EXERCISE AIM: Every record that follows should be copied exactly. No picture belongs in the copy.

Stored data:
%%
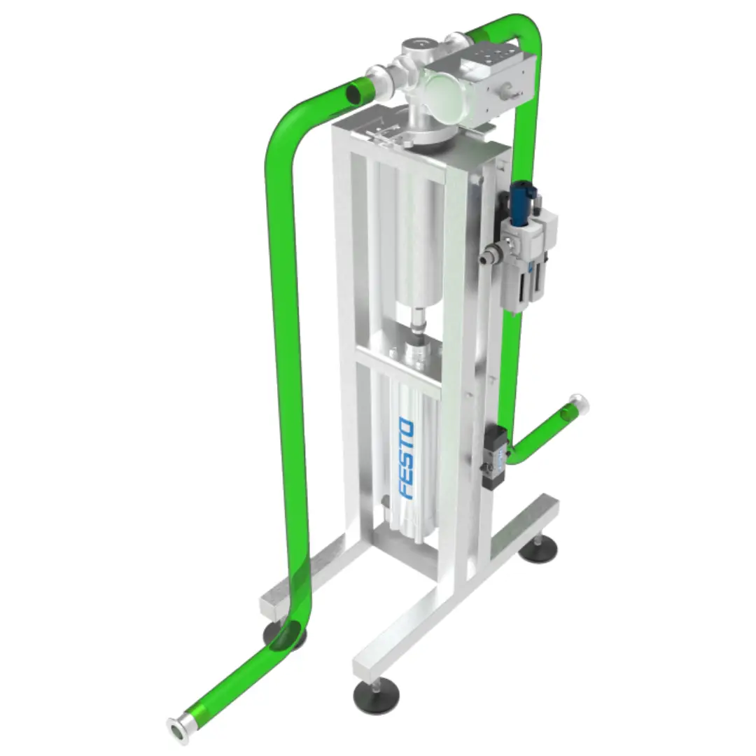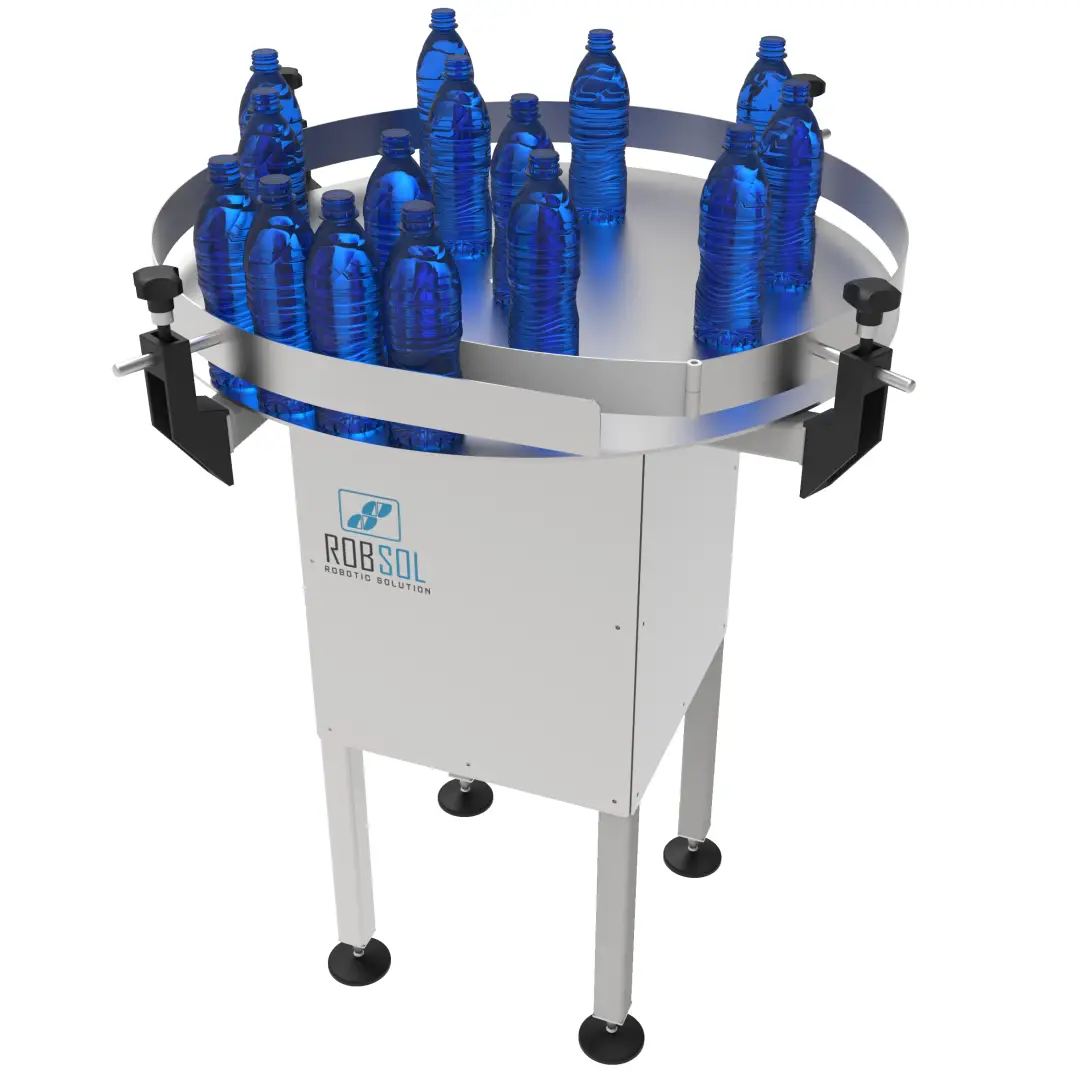 Mesa diseñada para acoplarse al sistema transportador de entrada o salida de máquinas envasadoras, bien sean propias o de terceros. Ideal para suministrar envases de forma constante y automática a las líneas de producción.
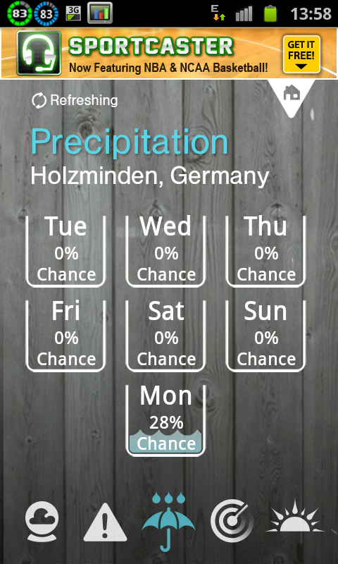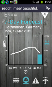 Die meisten Wetter Apps sind sich ja doch sehr ähnlich im Erscheinungsbild. 1Weather App geht da optisch ganz andere Wege. Es ist ein sehr minimalistisches Design bei dem die Information an Erster Stelle steht. Leider ist die Funktionalität noch nicht allen Bereichen komplett. So fehlt zum Beispiel in Europa die Wetterradar Ansicht. Bislang ist diese Funktion wohl auf Nordamerika beschränkt. Die Twitter Einbindung und auch die „Top Weather Pics“ machen für mich keine echten Sinn. Die Tages und Sieben Tages Vorschau mit kleinem Diagramm gefällt mir extrem gut. Die Funktion um das Diagramm anzuzeigen ist allerdings etwas versteckt. Man klickt neben Today auf den kleinen Pfeil und schwupps, da ist das Diagramm. Ebenso bei der 7 Tage Vorschau. Die Niederschlagsvorhersage „Precipitation“ gefällt mir von der Grafik auch sehr gut. So sollte eine Infografik aussehen. Schlicht aber Informativ. Als Ergänzung gibt es dann noch die Seite „Sun&Moon“. Hier gibt es Angaben zu unserem Erdtrabanten und unserer Sonne. Also Mondphase und Auf- und Untergang von Sonne und Mond. Weiterer Nachteil der App: Bislang gibt es sie nur in englisch. Auch kleinere Ortschaften in Deutschland haben keine Wetterinformationen. Hier würde ich mich freuen wenn die Programierer in zukünftigen Versionen nachlegen könnten.
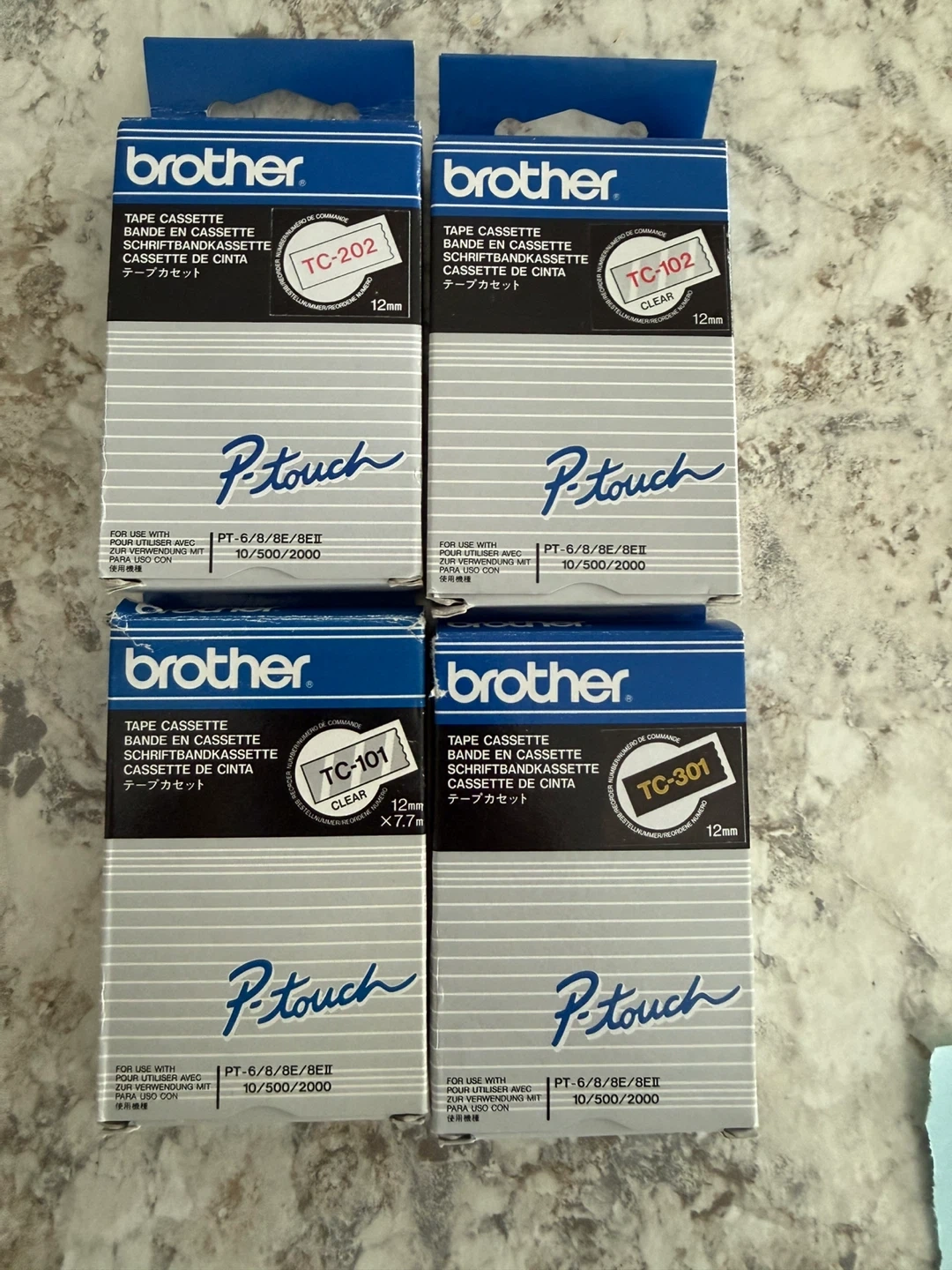 Four Brother P-Touch tape cassettes are available. These are for use with PT-6/8/8E/8EII, 10/500/200 label makers. They come in TC-102, TC-202, TC-101, and TC-301 models.
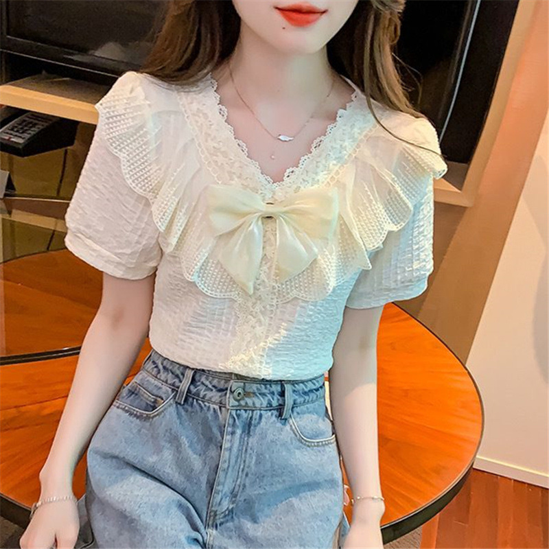 여성을위한 프렌치 브이넥 레이스 쉬폰 셔츠 2025 봄 새로운 스타일의 아름다운 셔츠 루즈 슬리밍 반팔 탑
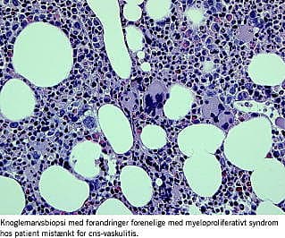 En 58-årig kvinde blev henvist til udredning for recidiverende transitoriske cerebrale iskæmiepisoder. Resultatet af en cerebral magnetisk resonans-skanning var foreneligt med vaskulitis. Undersøgelser af perifert blodbillede, C-reaktivt protein, nyre- og leverfunktion viste normale forhold, men efter ni måneder fik patienten trombocytose. En knoglemarvsbiopsi viste forandringer, der var forenelige med myeloproliferativt syndrom. Yderligere undersøgelser viste opregulering af polycytaemia rubra vera-1-genet af Janus Kinase-2-mutationen V617F, og sygehistorien illustrerer, at myeloproliferativt syndrom trods normalt perifert blodbillede er en mulig differentialdiagnose hos patienter med transitoriske cerebrale iskæmiepisoder uden anden kendt årsag.
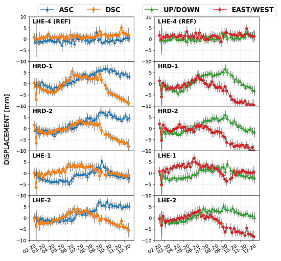 The unwrapped phase time series from Equation (13) are then used for parameter estimation via the model in Equation (11), without the ambiguities. Following the conventional PS-InSAR methodology [36], displacement time series are separated from residual phases using spatio-temporal filtering of Atmospheric Phase Screen [38].
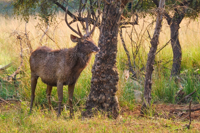 Мужской одноцветный олень Sambar Rusa в национальном парке Рантамбор, штат Раджастхан, Индия
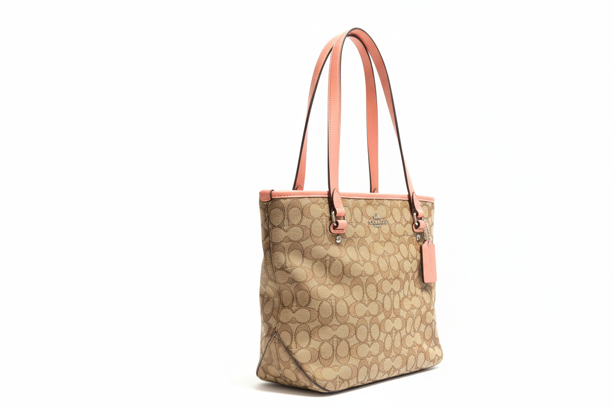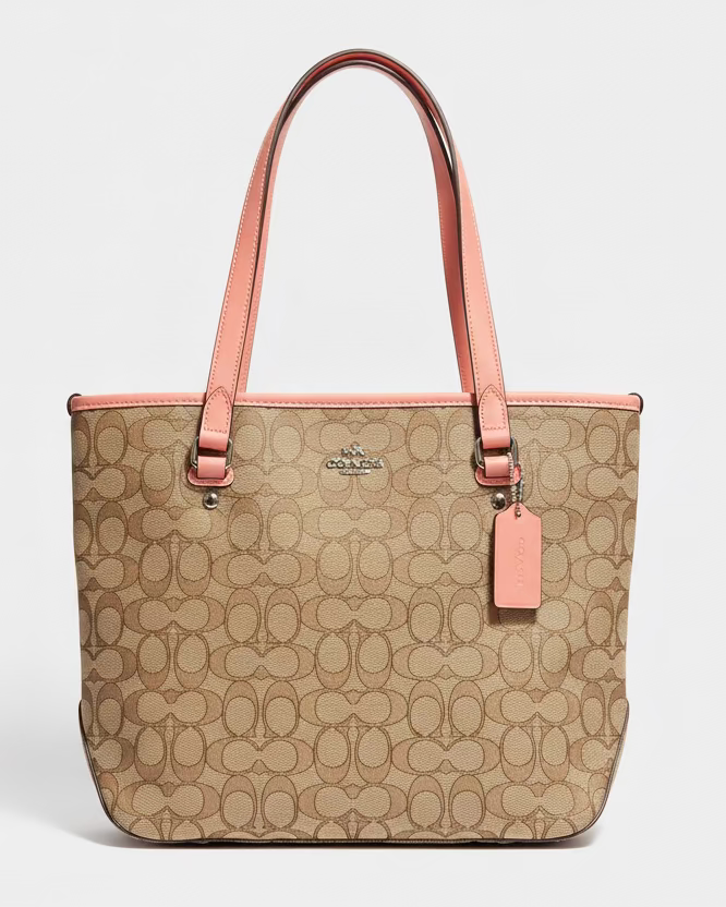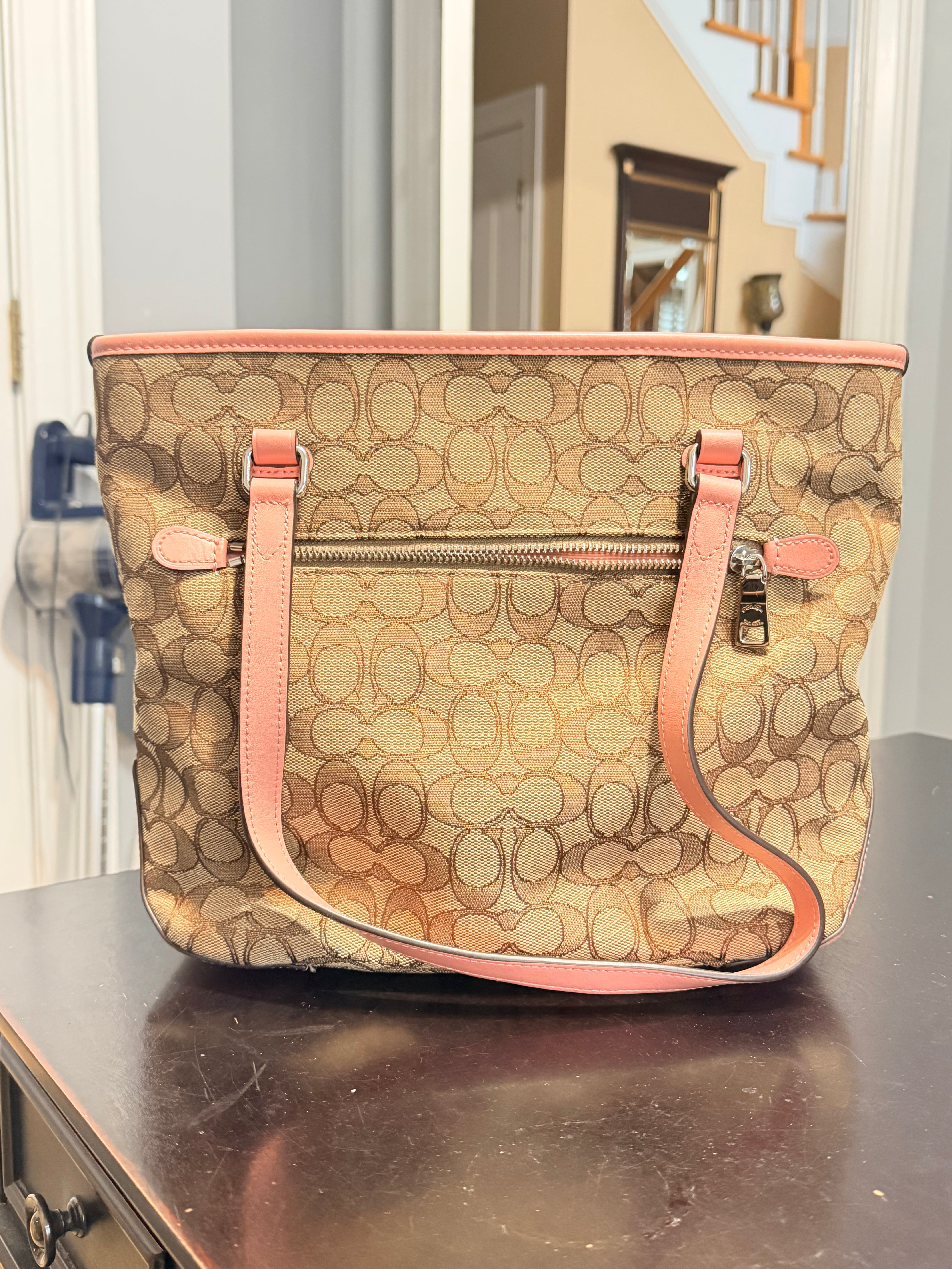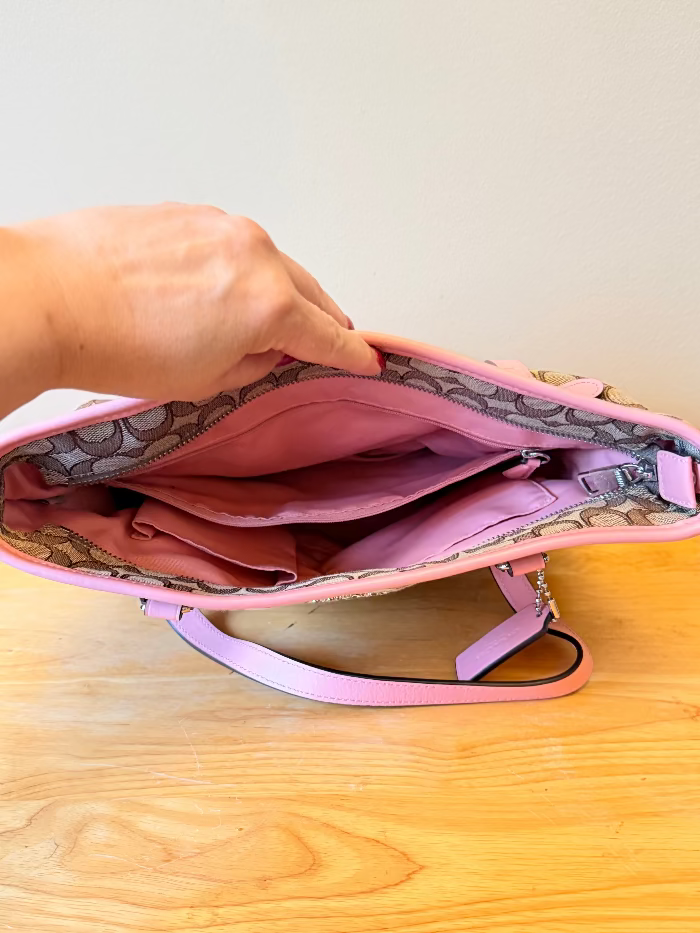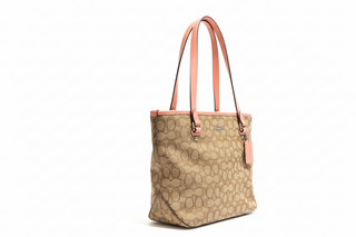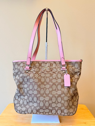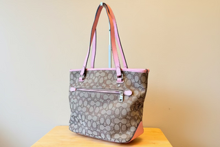 - Coach Signature/Monogram Canvas Shoulder Bag - Pink and Brown
%%
OUTPUT:
 Mesa diseñada para acoplarse al sistema transportador de entrada o salida de máquinas envasadoras, bien sean propias o de terceros. Ideal para suministrar envases de forma constante y automática a las líneas de producción.
 Die meisten Wetter Apps sind sich ja doch sehr ähnlich im Erscheinungsbild. 1Weather App geht da optisch ganz andere Wege. Es ist ein sehr minimalistisches Design bei dem die Information an Erster Stelle steht. Leider ist die Funktionalität noch nicht allen Bereichen komplett. So fehlt zum Beispiel in Europa die Wetterradar Ansicht. Bislang ist diese Funktion wohl auf Nordamerika beschränkt. Die Twitter Einbindung und auch die „Top Weather Pics“ machen für mich keine echten Sinn. Die Tages und Sieben Tages Vorschau mit kleinem Diagramm gefällt mir extrem gut. Die Funktion um das Diagramm anzuzeigen ist allerdings etwas versteckt. Man klickt neben Today auf den kleinen Pfeil und schwupps, da ist das Diagramm. Ebenso bei der 7 Tage Vorschau. Die Niederschlagsvorhersage „Precipitation“ gefällt mir von der Grafik auch sehr gut. So sollte eine Infografik aussehen. Schlicht aber Informativ. Als Ergänzung gibt es dann noch die Seite „Sun&Moon“. Hier gibt es Angaben zu unserem Erdtrabanten und unserer Sonne. Also Mondphase und Auf- und Untergang von Sonne und Mond. Weiterer Nachteil der App: Bislang gibt es sie nur in englisch. Auch kleinere Ortschaften in Deutschland haben keine Wetterinformationen. Hier würde ich mich freuen wenn die Programierer in zukünftigen Versionen nachlegen könnten.
 Four Brother P-Touch tape cassettes are available. These are for use with PT-6/8/8E/8EII, 10/500/200 label makers. They come in TC-102, TC-202, TC-101, and TC-301 models.
 여성을위한 프렌치 브이넥 레이스 쉬폰 셔츠 2025 봄 새로운 스타일의 아름다운 셔츠 루즈 슬리밍 반팔 탑
 En 58-årig kvinde blev henvist til udredning for recidiverende transitoriske cerebrale iskæmiepisoder. Resultatet af en cerebral magnetisk resonans-skanning var foreneligt med vaskulitis. Undersøgelser af perifert blodbillede, C-reaktivt protein, nyre- og leverfunktion viste normale forhold, men efter ni måneder fik patienten trombocytose. En knoglemarvsbiopsi viste forandringer, der var forenelige med myeloproliferativt syndrom. Yderligere undersøgelser viste opregulering af polycytaemia rubra vera-1-genet af Janus Kinase-2-mutationen V617F, og sygehistorien illustrerer, at myeloproliferativt syndrom trods normalt perifert blodbillede er en mulig differentialdiagnose hos patienter med transitoriske cerebrale iskæmiepisoder uden anden kendt årsag.
 The unwrapped phase time series from Equation (13) are then used for parameter estimation via the model in Equation (11), without the ambiguities. Following the conventional PS-InSAR methodology [36], displacement time series are separated from residual phases using spatio-temporal filtering of Atmospheric Phase Screen [38].
 Мужской одноцветный олень Sambar Rusa в национальном парке Рантамбор, штат Раджастхан, Индия
 - Coach Signature/Monogram Canvas Shoulder Bag - Pink and Brown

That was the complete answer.